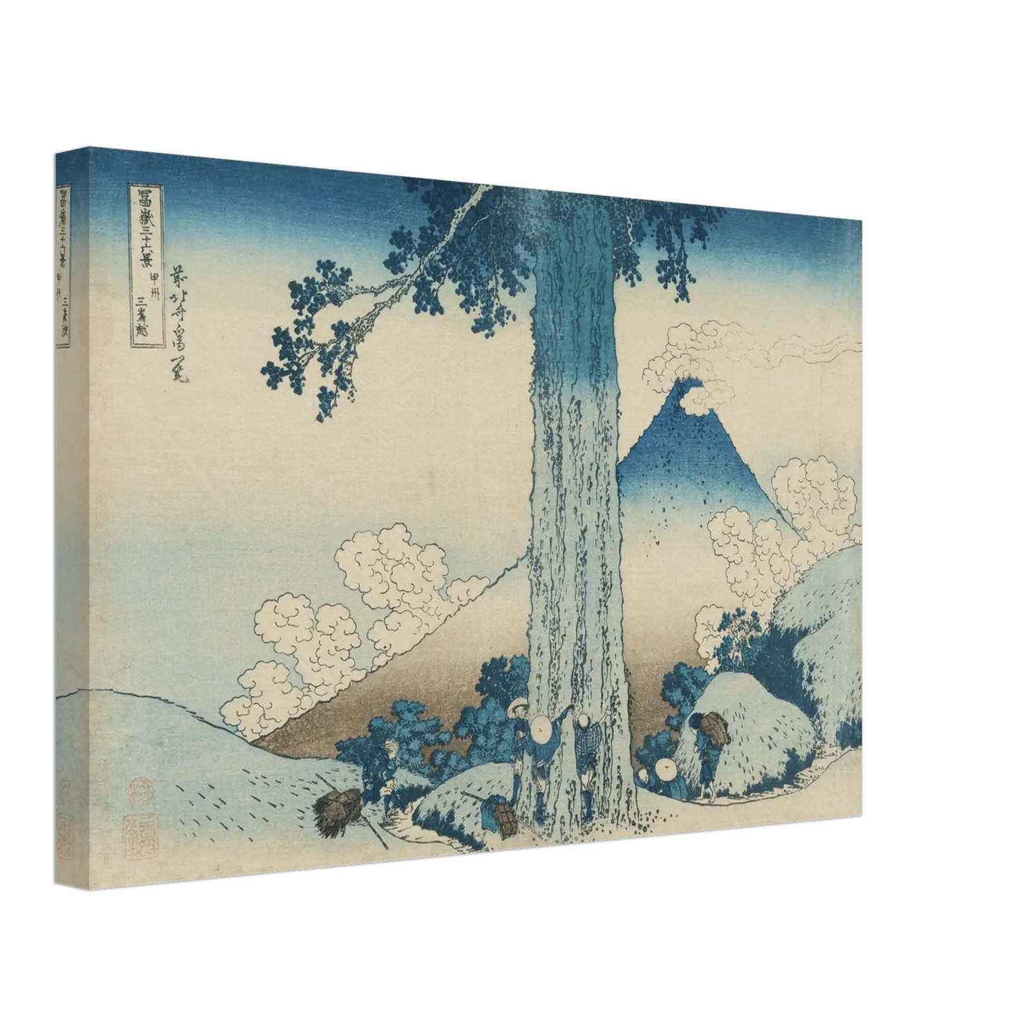 Ein mächtiger Baum erhebt sich im Vordergrund, während in der Ferne der Fuji in tiefem Blau erscheint. Kleine Wanderer und Bauern bewegen sich gemächlich über den Pfad – ihre Gestalten wirken winzig im Angesicht der Natur. Wolken treiben wie Rauch über den Berg, und die Szenerie atmet die stille Größe des Landes.
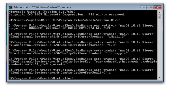 cd "C:\Program Files\Oracle\VirtualBox\" VBoxManage.exe modifyvm "Your VM Name" --cpuidset 00000001 000106e5 00100800 0098e3fd bfebfbff VBoxManage setextradata "Your VM Name" "VBoxInternal/Devices/efi/0/Config/DmiSystemProduct" "iMac11,3" VBoxManage setextradata "Your VM Name" "VBoxInternal/Devices/efi/0/Config/DmiSystemVersion" "1.0" VBoxManage setextradata "Your VM Name" "VBoxInternal/Devices/efi/0/Config/DmiBoardProduct" "Iloveapple" VBoxManage setextradata "Your VM Name" "VBoxInternal/Devices/smc/0/Config/DeviceKey" "ourhardworkbythesewordsguardedpleasedontsteal(c)AppleComputerInc" VBoxManage setextradata "Your VM Name" "VBoxInternal/Devices/smc/0/Config/GetKeyFromRealSMC" 1
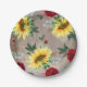 Sonnenblumen und Burgunder Rote Rosen Rustikaler F Pappteller
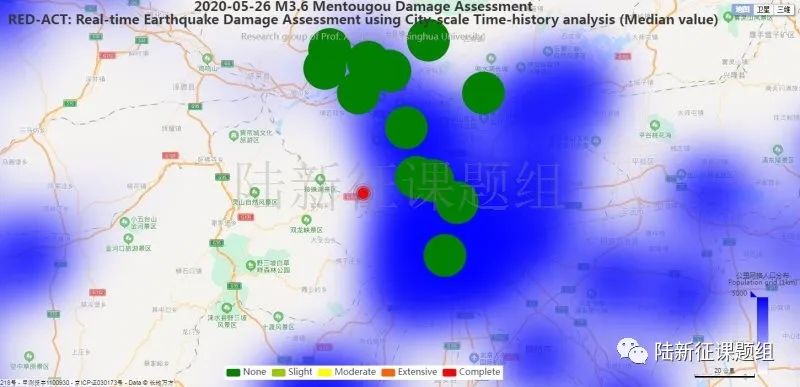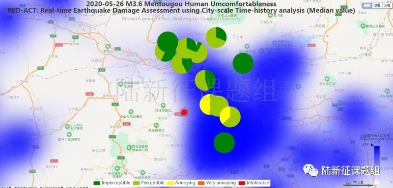 利用密布強(qiáng)震臺(tái)網(wǎng)在震后獲取的實(shí)時(shí)地震動(dòng)信息,再結(jié)合城市抗震彈塑性分析,就可以得到地震發(fā)生后不同地點(diǎn)的建筑破壞情況,為抗震救災(zāi)決策提供科學(xué)支撐。圖3為根據(jù)20200526北京門(mén)頭溝區(qū)3.6級(jí)地震震中附近范圍內(nèi)臺(tái)站記錄分析得到的建筑震害分布示意圖。圖4為根據(jù)20200526北京門(mén)頭溝區(qū)3.6級(jí)地震震中附近范圍內(nèi)臺(tái)站記錄分析得到的人員加速度感受分布示意圖。
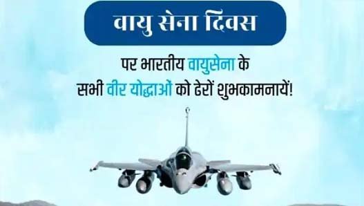 मुख्यमंत्री शिवराज सिंह चौहान ने भारतीय वायु सेना दिवस की शुभकामनाएं दीं हैं। मुख्यमंत्री चौहान ने सोशल मीडिया पर जारी संदेश में कहा कि "नभः स्पृशं दीप्तम" को चरितार्थ करते हुए भारत के मान- सम्मान और गौरव को अनंत ऊंचाइयों तक पहुंचाने वाले भारतीय वायु सेना के सपूतों की असाधारण वीरता, साहस और शौर्य से भारत के नभ सुरक्षित व शत्रुओं के लिए अभेद्य हैं। भारतीय वायु सैनिकों की बहादुरी और राष्ट्र के प्रति समर्पण का भाव अभिनंदनीय है।
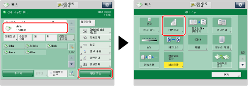 수신인을 지정하고 → [기타 기능]을 누르고 → [양면원고]를 누릅니다.

#### TRY IT:
Your reply must match the data above line for line, except that it holds no pictures.

#### ANSWER TO THE PROBLEM:
 Ein mächtiger Baum erhebt sich im Vordergrund, während in der Ferne der Fuji in tiefem Blau erscheint. Kleine Wanderer und Bauern bewegen sich gemächlich über den Pfad – ihre Gestalten wirken winzig im Angesicht der Natur. Wolken treiben wie Rauch über den Berg, und die Szenerie atmet die stille Größe des Landes.
 cd "C:\Program Files\Oracle\VirtualBox\" VBoxManage.exe modifyvm "Your VM Name" --cpuidset 00000001 000106e5 00100800 0098e3fd bfebfbff VBoxManage setextradata "Your VM Name" "VBoxInternal/Devices/efi/0/Config/DmiSystemProduct" "iMac11,3" VBoxManage setextradata "Your VM Name" "VBoxInternal/Devices/efi/0/Config/DmiSystemVersion" "1.0" VBoxManage setextradata "Your VM Name" "VBoxInternal/Devices/efi/0/Config/DmiBoardProduct" "Iloveapple" VBoxManage setextradata "Your VM Name" "VBoxInternal/Devices/smc/0/Config/DeviceKey" "ourhardworkbythesewordsguardedpleasedontsteal(c)AppleComputerInc" VBoxManage setextradata "Your VM Name" "VBoxInternal/Devices/smc/0/Config/GetKeyFromRealSMC" 1
 Sonnenblumen und Burgunder Rote Rosen Rustikaler F Pappteller
 利用密布強(qiáng)震臺(tái)網(wǎng)在震后獲取的實(shí)時(shí)地震動(dòng)信息,再結(jié)合城市抗震彈塑性分析,就可以得到地震發(fā)生后不同地點(diǎn)的建筑破壞情況,為抗震救災(zāi)決策提供科學(xué)支撐。圖3為根據(jù)20200526北京門(mén)頭溝區(qū)3.6級(jí)地震震中附近范圍內(nèi)臺(tái)站記錄分析得到的建筑震害分布示意圖。圖4為根據(jù)20200526北京門(mén)頭溝區(qū)3.6級(jí)地震震中附近范圍內(nèi)臺(tái)站記錄分析得到的人員加速度感受分布示意圖。
 मुख्यमंत्री शिवराज सिंह चौहान ने भारतीय वायु सेना दिवस की शुभकामनाएं दीं हैं। मुख्यमंत्री चौहान ने सोशल मीडिया पर जारी संदेश में कहा कि "नभः स्पृशं दीप्तम" को चरितार्थ करते हुए भारत के मान- सम्मान और गौरव को अनंत ऊंचाइयों तक पहुंचाने वाले भारतीय वायु सेना के सपूतों की असाधारण वीरता, साहस और शौर्य से भारत के नभ सुरक्षित व शत्रुओं के लिए अभेद्य हैं। भारतीय वायु सैनिकों की बहादुरी और राष्ट्र के प्रति समर्पण का भाव अभिनंदनीय है।
 수신인을 지정하고 → [기타 기능]을 누르고 → [양면원고]를 누릅니다.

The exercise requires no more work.